セッションは1週間間隔で行い、乗り物酔い試験の90分前に薬剤(経口)を投与した。
乗り物酔いは,ターンテーブル上での交差結合刺激によって誘発された。
回転速度は30秒ごとに増加させ、頭部を45度ずつ8回動かすシーケンス(seq)を30秒ごとに完了させた。
運動耐性は、中等度の吐き気を得るために必要な頭部の動きのシーケンス数として評価した。
心拍数は,薬物投与前と投与後1時間および2時間に記録した。
汗腺の活動の指標となる0.005~0.48Hzの皮膚コンダクタンス活動は,手指の掌面と額に装着したAg/AgCl電極を用いて測定した。
研究の結果
ザミフェナシンとHyoscine(スコポラミン)はともに運動負荷に対する耐性の向上をもたらし(P < 0.01)、さらに両薬剤間に統計学的な有意差はなかった(それぞれ5.0 +/- 1.6 seqs vs 5.7 +/- 1.6 seqs、平均 +/- s.e.mean)。
プラセボまたはザミフェナシンと比較して、Hyoscine(スコポラミン)投与後に脈拍数が低下した(9拍/分、P < 0.01)。
皮膚コンダクタンスは、ザミフェナシンやプラセボと比較して、ヒオスカイン投与後に低下した(P < 0.001)。
結論
これらの結果は、M3およびM5に選択的に拮抗する化合物が、乗り物酔いに対して活性を有することを示唆している。
これらの受容体における拮抗作用が、ヒソスチンの抗乗り物酔い作用の基礎となっている可能性がある。
考察と感想
昔の薬理学の授業を思い出してしまいますが、ムスカリン受容体のサブタイプへの結合能の異なる2剤とプラセボの比較でした。
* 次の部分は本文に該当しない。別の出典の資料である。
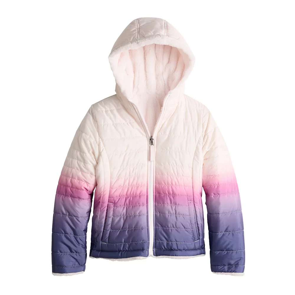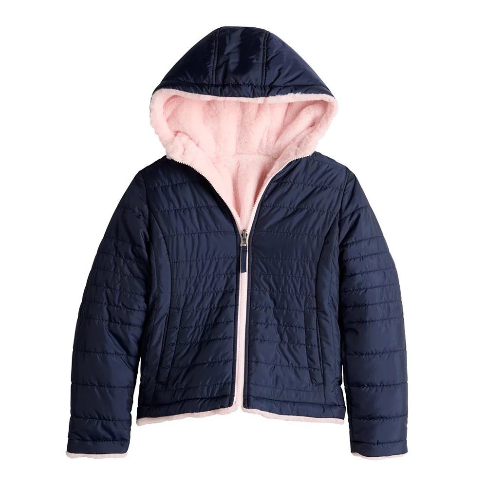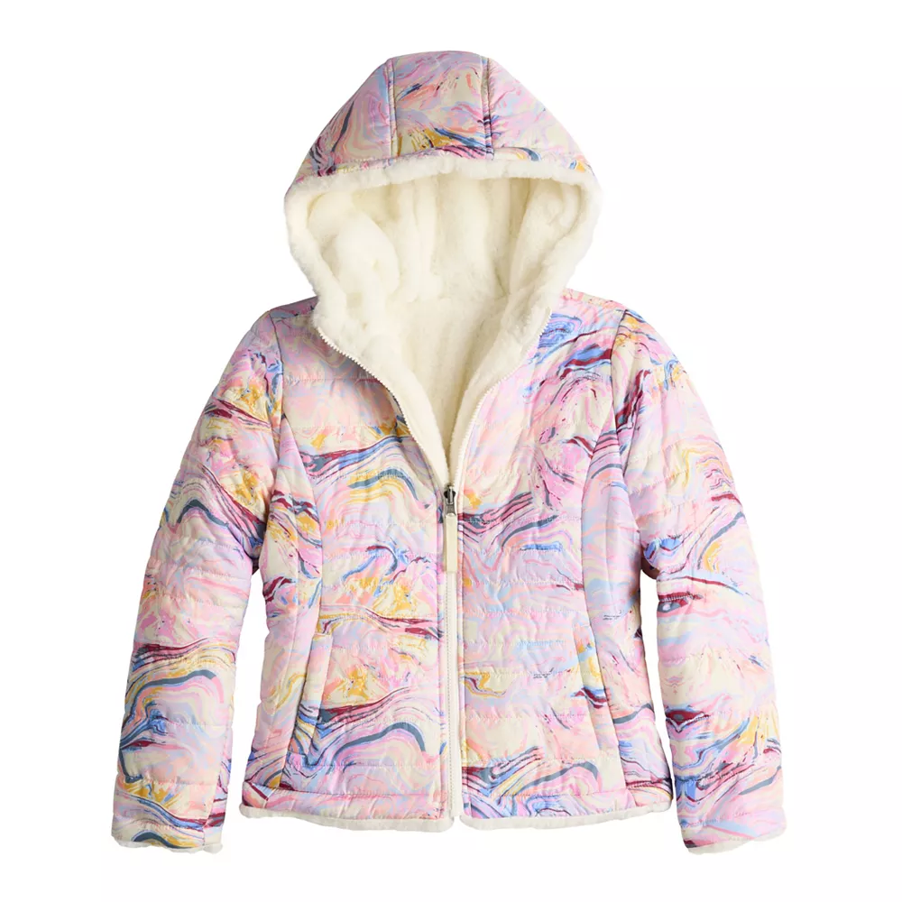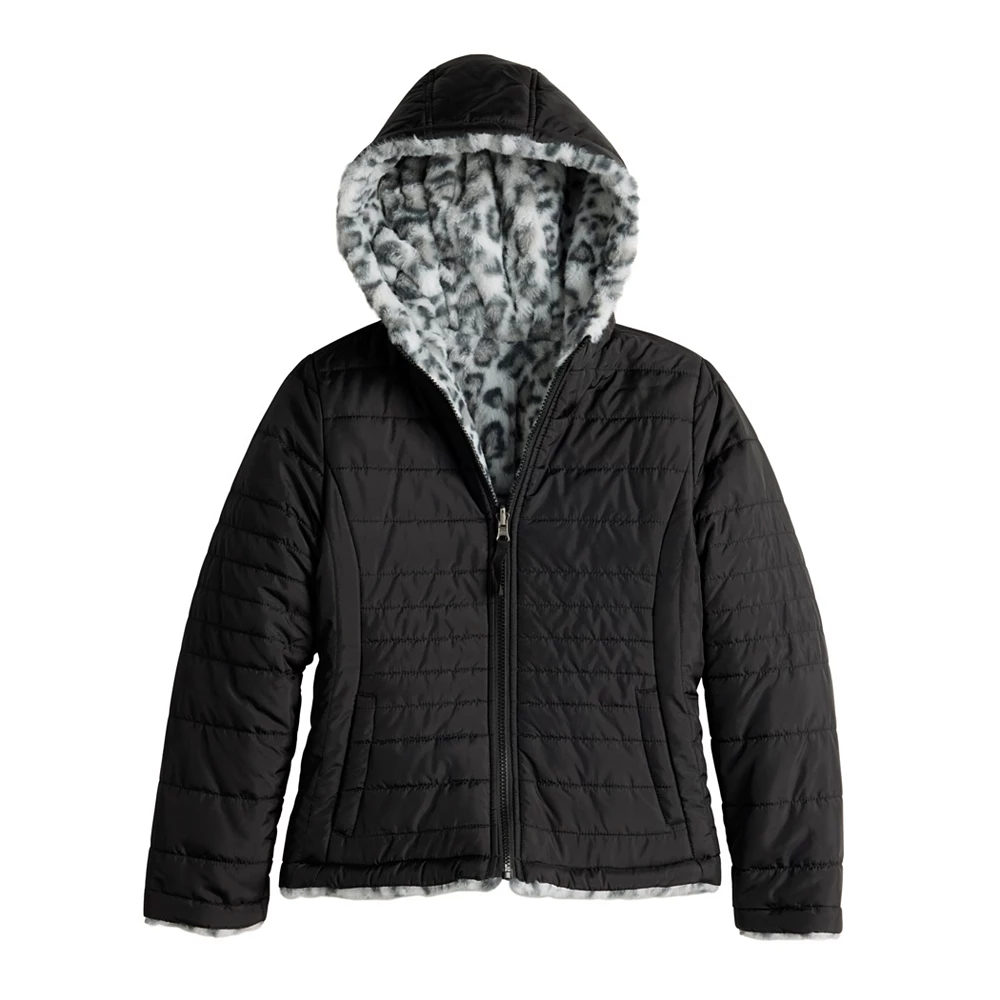 A reversible design gives this girls’ SO jacket versatile stle, while a faux-fur shell makes it a cozy choice for cooler days.

- M1 – 脳(皮質、海馬)、腺、交感神経に分布、胃の壁細胞
- M2 – 心臓、後脳、平滑筋に分布
- M3 – 平滑筋、腺、脳に分布
- M4 – 脳(前脳、線条体)に分布
- M5 – 脳(黒質)、眼に分布
のようです(Wikipediaより…)。Hyoscine(スコポラミン)は,既知の5つのムスカリン受容体サブタイプのすべてに同様の結合親和性を、ZamifenacinはムスカリンM3およびM5受容体に選択的に結合するようですね。
過去にidaverineというM1とM2を拮抗する薬は酔い止めの効果はなかったようで、M3が特異的に効くのではという仮説がもともとあったようです。
まとめ
スコポラミンとザミフェナシンにおいて、乗り物酔いの症状を軽減する効果があるか、両者で有効性に差があるか検討した研究でした。
どちらも乗り物酔いに対し予防効果があり、ほぼ同等だったようです。